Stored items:

:::

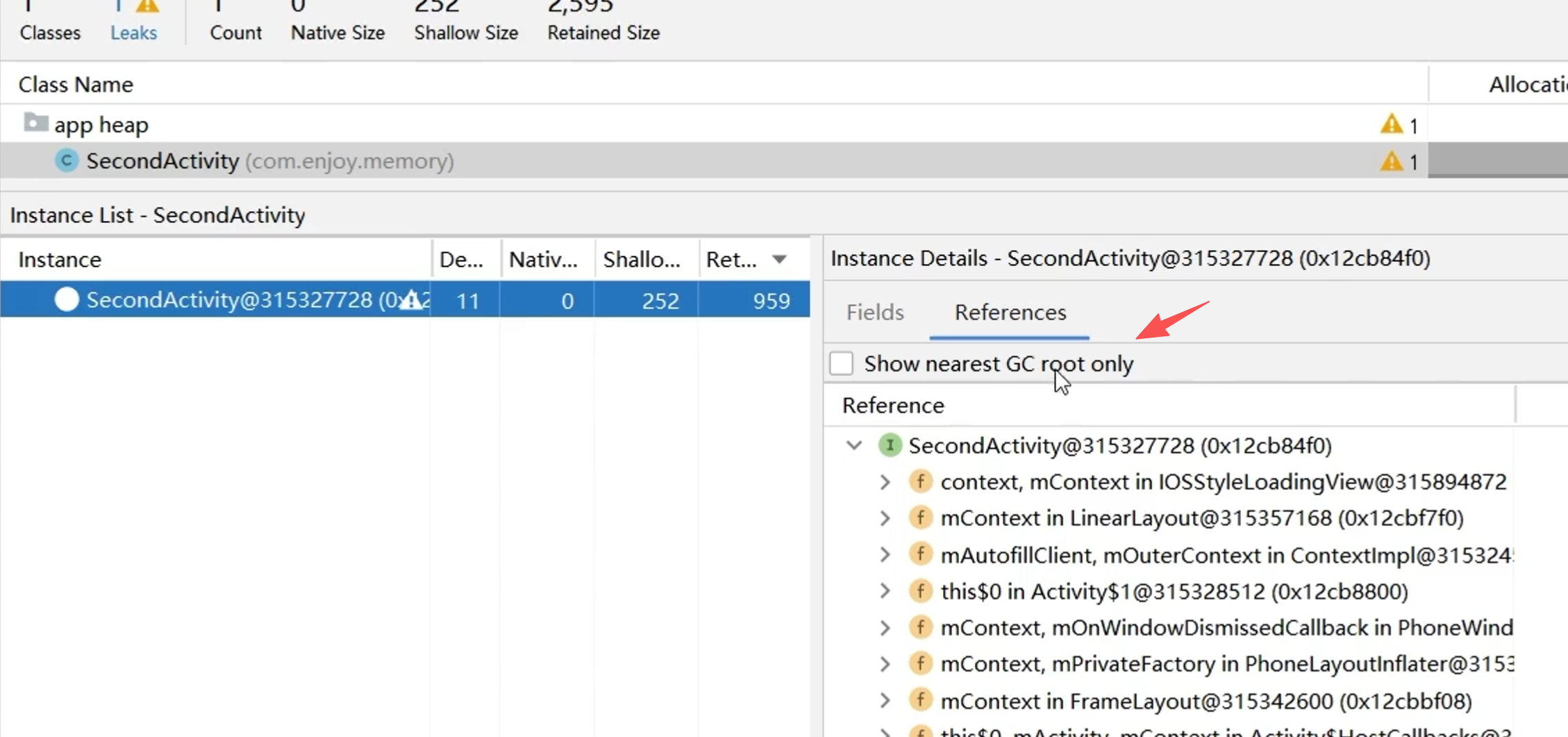点击可以查看引用链接(GC Roots):
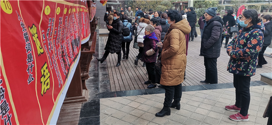 一大早,來自川匯區(qū)文聯(lián)、區(qū)民協(xié)的工作人員,將金色東方社區(qū)的休閑廣場(chǎng)裝扮得格外喜慶,兩條帶有傳統(tǒng)紋飾圖案的噴繪印著謎語和黨的知識(shí),掛在休閑長(zhǎng)廊上,吸引著出來曬太陽或散步的居民。區(qū)文聯(lián)黨組書記史濤,區(qū)文聯(lián)黨組成員、副主席游富華,區(qū)人和辦事處副書記武陽,市民協(xié)副主席羅營(yíng)東、區(qū)民協(xié)主席杜超,區(qū)民協(xié)秘書長(zhǎng)任建明等走進(jìn)社區(qū),參加這場(chǎng)活動(dòng)?!爸袊?guó)共產(chǎn)黨是什么時(shí)候成立的?”“1921年7月23日”“答對(duì)了,獎(jiǎng)洗衣液一壺!”游富華以問答的形式和居民們互動(dòng),向居民們普及黨的知識(shí),居民們紛紛參與,氣氛活躍。
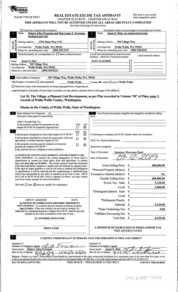 | 1 | 09/17/2019 | SWD | STATUTORY WARRANTY DEED | FREEMAN ROBERT A | HAIR JASON E | | | $400,000.00 | 137704 | 2019-07279 |
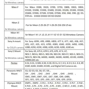 Applicable Camera Specifications: APS-C Mirrorless Camera,M4/3 Frame DSLR Camera,Full Frame Mirrorless Camera,Full Frame DSLR Camera,M4/3 Frame Mirrorless Camera,APS-C DSLR Camera
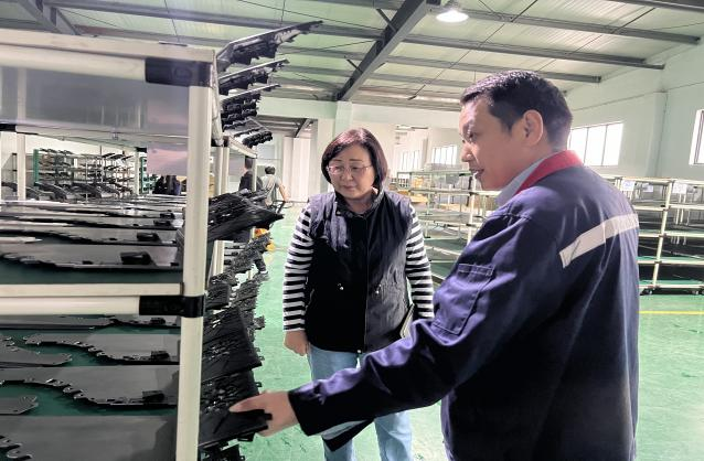 在宁波铭辉汽车零部件有限公司与褚孟统总经理、叶常青常务副总交流,并参观涂装生产线
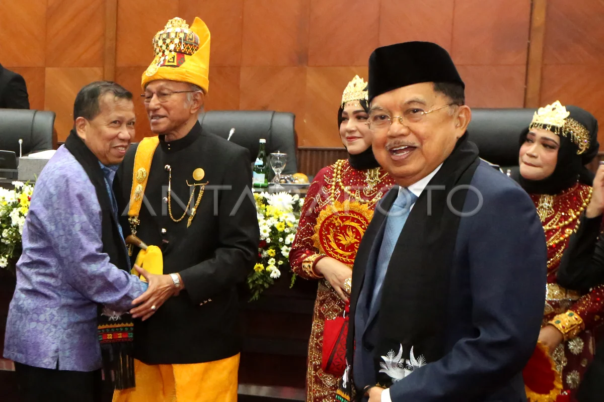 Mantan Wakil Presiden yang juga tokoh perdamaian Aceh Jusuf Kalla (kanan) bersama Ketua juru runding Republik Indonesia dan mantan Menteri Hukum dan HAM Hamid Awaluddin (kiri) memberikan ucapan selamat kepada Paduka Tgk. Malik Mahmud Al-Haythar (dua kiri) yang kembali dilantik sebagai Wali Nanggroe Aceh periode 2023-2028 usai rapat paripurna istimewa DPRA di Banda Aceh, Aceh, Jumat (15/12/2023). Paduka Tgk. Malik Mahmud Al-Haythar untuk ketiga kalinya memimpin lembaga Wali Nanggroe yang dibentuk khusus sebagai amanah kesepakatan damai MoU Helsinki antara Pemerintah Indonesia dengan Gerakan Aceh Merdeka (GAM) yang telah dituangkan dalam Undang-Undang Nomor 11 Tahun 2006 tentang Pemerintahan Aceh. ANTARA FOTO/Irwansyah Putra.
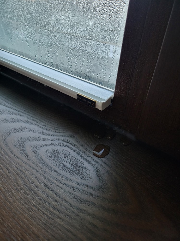세대 내 유리창에 성에가 기본적으로 발생하고 유리에 발생하는 결로수로 인해 원목마루 변색이 일어나 교체까지 진행하였습니다.

:::

Your goal:
Write out again exactly the lines above from the one with "Applicable Camera Specifications: APS-C" through the one with "在宁波铭辉汽车零部件有限公司", adding no other lines and no pictures.

Exercise output:
 Applicable Camera Specifications: APS-C Mirrorless Camera,M4/3 Frame DSLR Camera,Full Frame Mirrorless Camera,Full Frame DSLR Camera,M4/3 Frame Mirrorless Camera,APS-C DSLR Camera
 在宁波铭辉汽车零部件有限公司与褚孟统总经理、叶常青常务副总交流,并参观涂装生产线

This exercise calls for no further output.